El grabado registra la visita de San Martín al fuerte de San Carlos, al sur de Mendoza, hasta donde salió en septiembre de 1816, para entrevistarse con los caciques pehuenches, pedirles permiso para atravesar sus tierras en el camino a Chile y su ayuda en las varias necesidades que hacían a su campaña de guerra, ponele, tanto en información y discreción, en baqueanos conocedores del territorio, como en ganado para la subsistencia y en sus caballadas, tan entrenadas en los senderos de la Cordillera. Y allá se fue San Martín, treinta leguas al sur del Plumerillo, acompañado por su estado mayor, granaderos y milicianos, y un séqito de mulas cargadas de obsequios, espuelas, frenos y cabestros, vestidos bordados, sombreros y pañuelos y tal vez sea cierto que también traía cuentas brillosas y barriles de vino y aguardiente –desconfío de algunos datos porque cuando se trata de indios siempre algún gorila imagina que son los únicos que se emborrachan- a tratar cuestiones de guerra con el cacique Ñeicún, señor de la Cordillera del Viento y de las tierras que se extendían entre el río Agrio del Neuquén y Malalhue.
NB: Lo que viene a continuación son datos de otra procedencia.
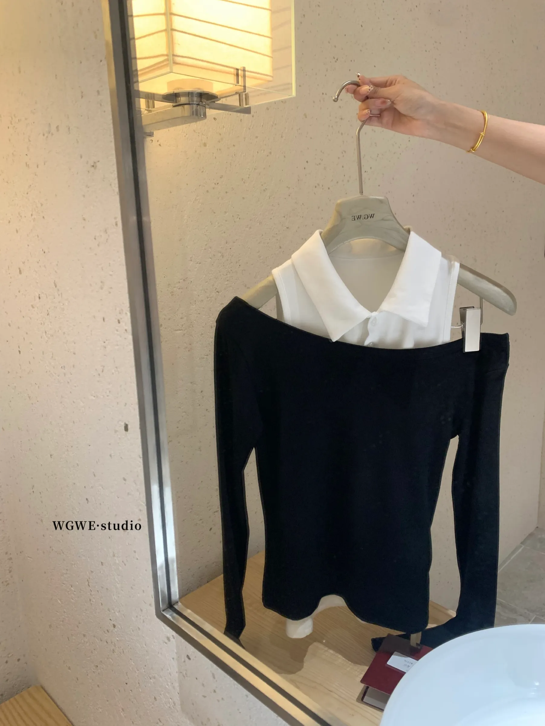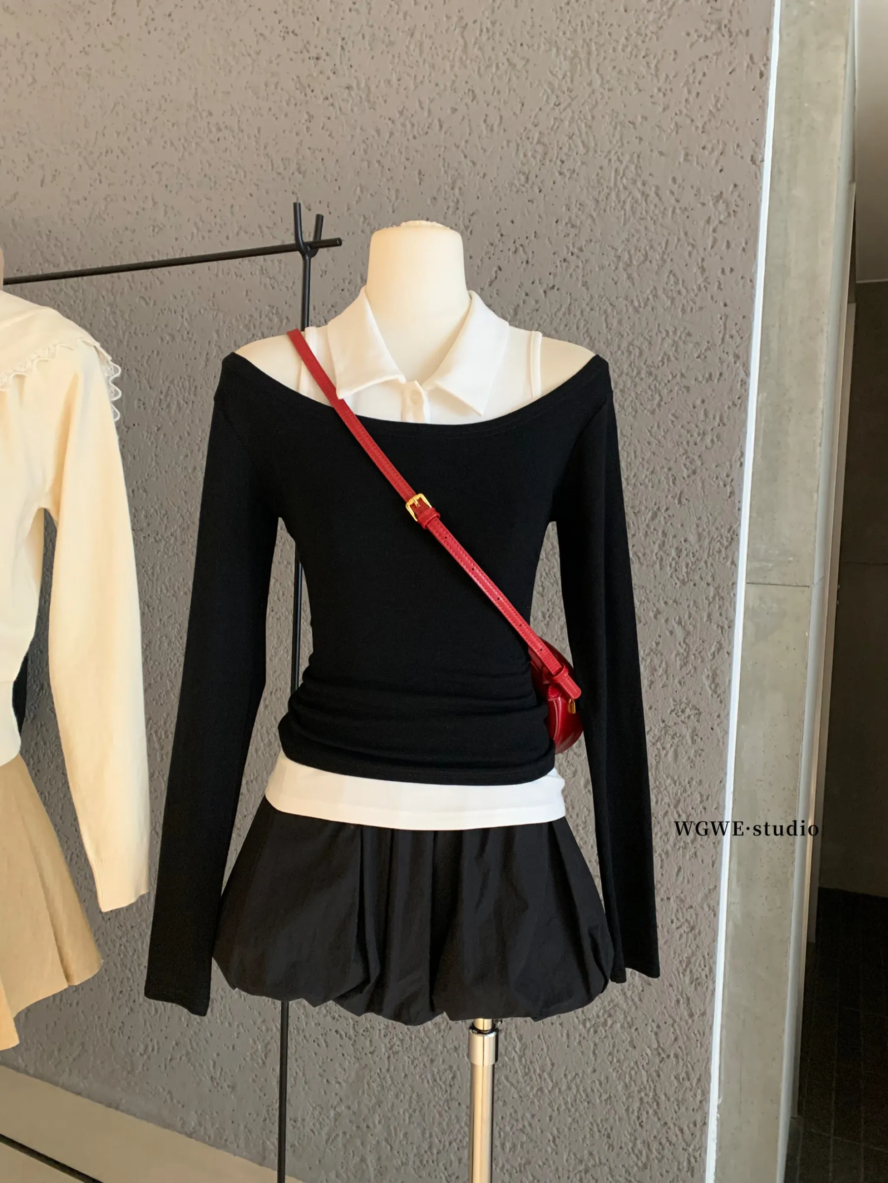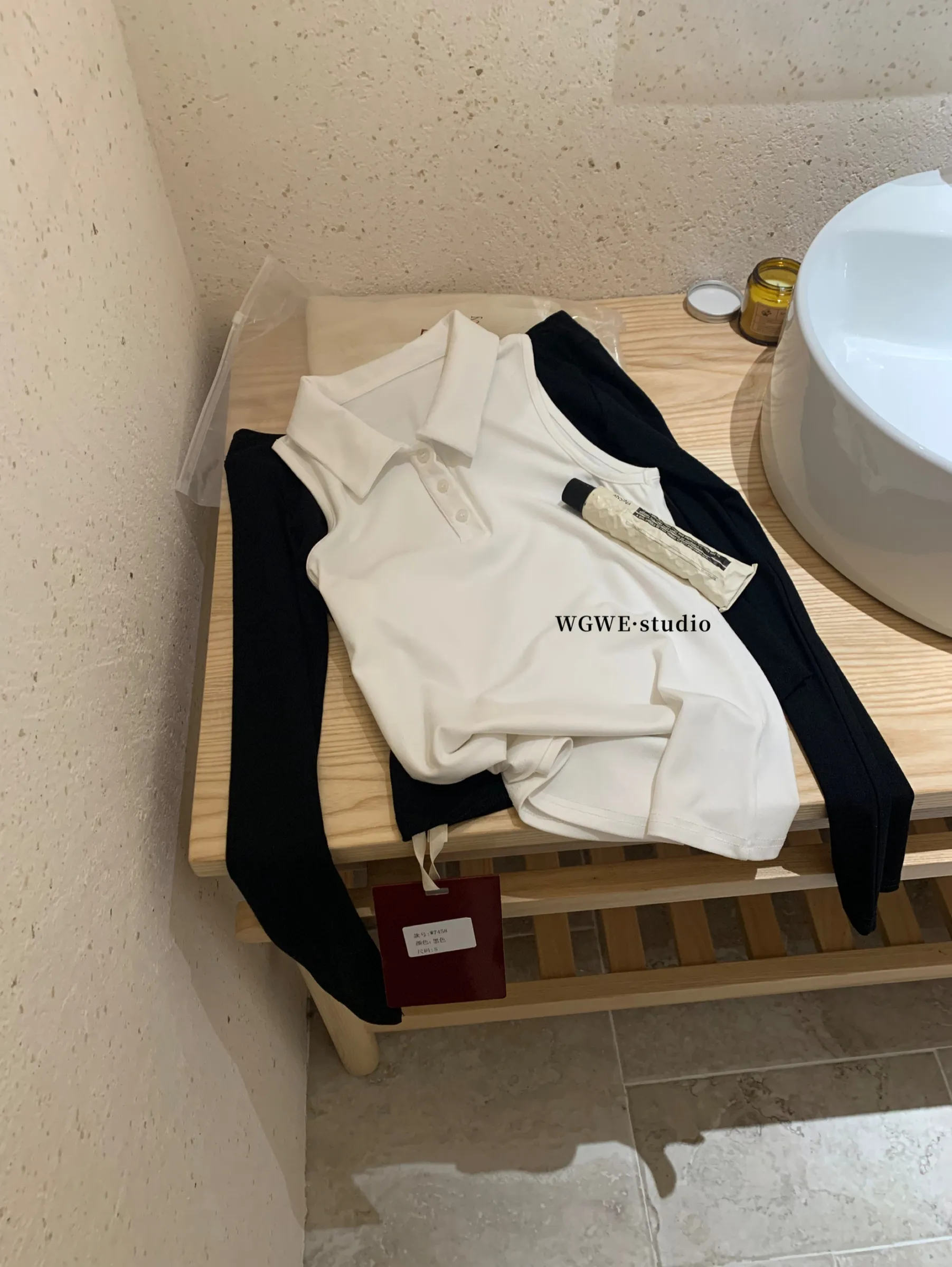 Polo领背心+黑色露肩两件式上衣哟!搭配半裙/短裤就可以🤤拆开的话都是可以另外搭配/单穿的单品呀,性价比很高!

Cualquiera que haya participado alguna vez en una asamblea indígena, conoce los largos procesos que implica, las funciones de agasajo, las lentas presentaciones de cada uno de los participantes, los profundos parlamentos para argumentar sus pensamientos y explicar sus decisiones, las reticencias y halagos, para finalmente sellar acuerdos. Aún hoy se mantienen y respetan antiguas y milenarias maneras que ya usted, atento lector, estará aprendiendo, si es que no ha tenido oportunidad de versarse en ellas. Y era de ver a los caciques del color del bronce, con su cuerpos fornidos y pintados y sus pelos largos movidos por el viento, explicando en detallado discurso, qué opinaban sobre si se debía dejar paso al Ejército de los Andes y negociar las relaciones con Marcó del Pont, el godo mandamás del lado occidental de la Cordillera.

La peculiaridad de la imagen de Noisternigg es que San Martín no aparece subido al caballo –en todos los sentidos que se le pueda dar a la expresión- arengando a la defensa de la Patria, sino abrazando al poderoso cacique, una vez terminado el parlamento, ambos de pie en un marco de cerros y cumbres nevadas, rodeados por la ordenada infantería criolla uniformada, el festejo desbordante de los pehuenches que celebran el acuerdo final del parlamento galopiando sus caballos y las mulas, que ya habiendo descargado los regalos, descansan en un rincón del cuadro.

 

Usted puede pensar, reflexivo lector, como lo hizo Mitre, intoxicado por el racismo positivista decimonónico, que San Martín conocía la natural perfidia de los indios y se acercó a ellos para manipular su astucia traicionera de manera que transmitieran al enemigo falsas noticias sobre sus planes sin dejar de ocuparse de sus propias guerras interétnicas. O tiene la opción de apreciar a un político revolucionario, de formación militar y excepcional estratega, con la capacidad visionaria de percibir con claridad que su patria era una tierra compleja, un conjunto de pueblos soberanos que debían de coincidir en un Estado plurinacional, a los que no tuvo inconveniente en presentarse como un indio paisano para sumarlos a las tareas de la independencia, reflejado todo en esa lámina de Noisternigg, desterrada mayormente de los manuales, escondida a nuestro ojos profanos y negacionada por dirigentes que, si llegaran a gobernar, empezarían por echar a patadas del centro de nuestra ciudad puerto, o a chisporroteos de pistolas taser, al Tercer Malón de la Paz. No sé si me hice entender.